Конечно, начальник тут абсолютно прав – он не понимает моих мотивов, а непонятное всегда настораживает и даже пугает.

– Все просто, сэр. – Я стараюсь быть убедительным. Не говорить же мне, что я решил сбежать, чтобы помочь сыну. – Сегодняшней ночью умер мой сосед по камере – Джэкоб-Апостол. Его смерть впечатлила меня. Он ушел из жизни, не успев покаяться в совершенных грехах. Никто не знает дня своей смерти. У меня тоже немало грехов. Вот я и решил признаться в одном из них, чтобы снять тяжесть с сердца. К тому же мне все равно мотать пожизненное за ювелира. Так что хуже уже не будет.

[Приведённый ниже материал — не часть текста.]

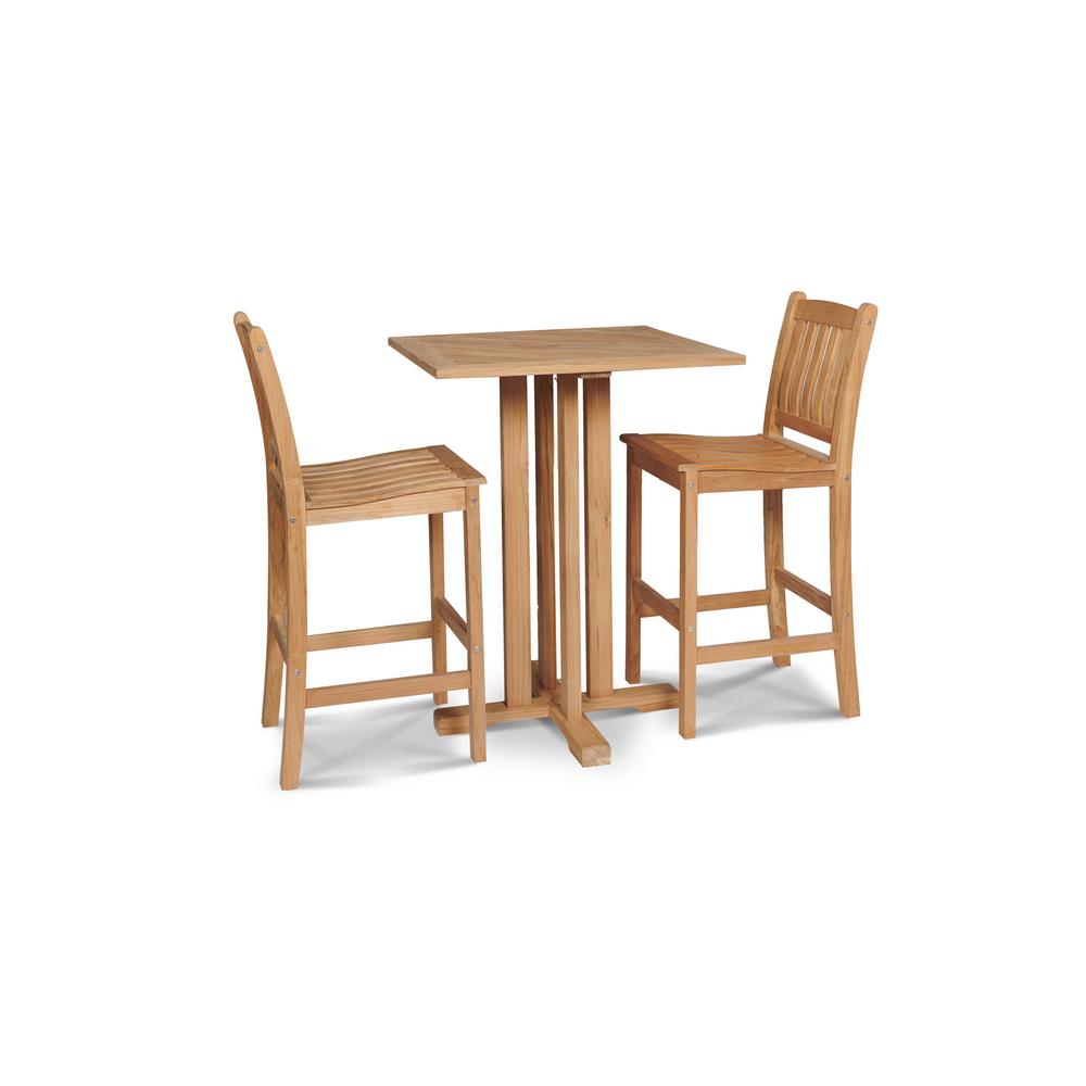 Hiteak Furniture Oasis 3 Piece Teak Square Table Bar Height Outdoor Dining Set Hls Ob The Home Depot

Начальник думает. Кажется, я убедил его. Он мне поверил. Для убедительности я кручу в пальцах последний подарок Апостола – его стеклянный всевидящий глаз. Начальник пододвигает ко мне лист бумаги и ручку.

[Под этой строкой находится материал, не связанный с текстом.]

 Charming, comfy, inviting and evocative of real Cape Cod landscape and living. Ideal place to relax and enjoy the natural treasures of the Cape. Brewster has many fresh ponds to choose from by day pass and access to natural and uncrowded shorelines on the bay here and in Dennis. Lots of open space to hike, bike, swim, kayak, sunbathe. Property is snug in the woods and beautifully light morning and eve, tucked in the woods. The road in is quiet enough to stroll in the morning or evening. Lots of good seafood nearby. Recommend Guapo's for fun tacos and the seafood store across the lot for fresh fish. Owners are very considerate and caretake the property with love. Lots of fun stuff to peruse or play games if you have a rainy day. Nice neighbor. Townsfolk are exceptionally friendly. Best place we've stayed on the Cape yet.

– А теперь, Топор, изложи все это письменно, – говорит он.

И я принимаюсь писать. Это признание должно стать «письмом счастья» для моего сына, его шансом победить смерть.

Если задаться целью, то ее можно достичь. Начальник сообщает мне, что завтра в тюрягу ко мне приедет следователь. Но до завтрашнего дня еще следует дожить. В камере оставаться опасно. Там я один, а решетка открыта. Впервые я жалею о том, что камеры не заперты днем. А потому мне нужно постоянно оставаться на виду.

Не думал, что главари банд так быстро договорятся между собой. После обеда на спортивной площадке я замечаю темнокожего громилу, который присматривается ко мне. Он недавно не сумел расплатиться за доставленные ему наркотики, а потому находится на крючке. Ему могут поручить что угодно, и он обязан выполнить порученное. Иначе его самого ждет смерть.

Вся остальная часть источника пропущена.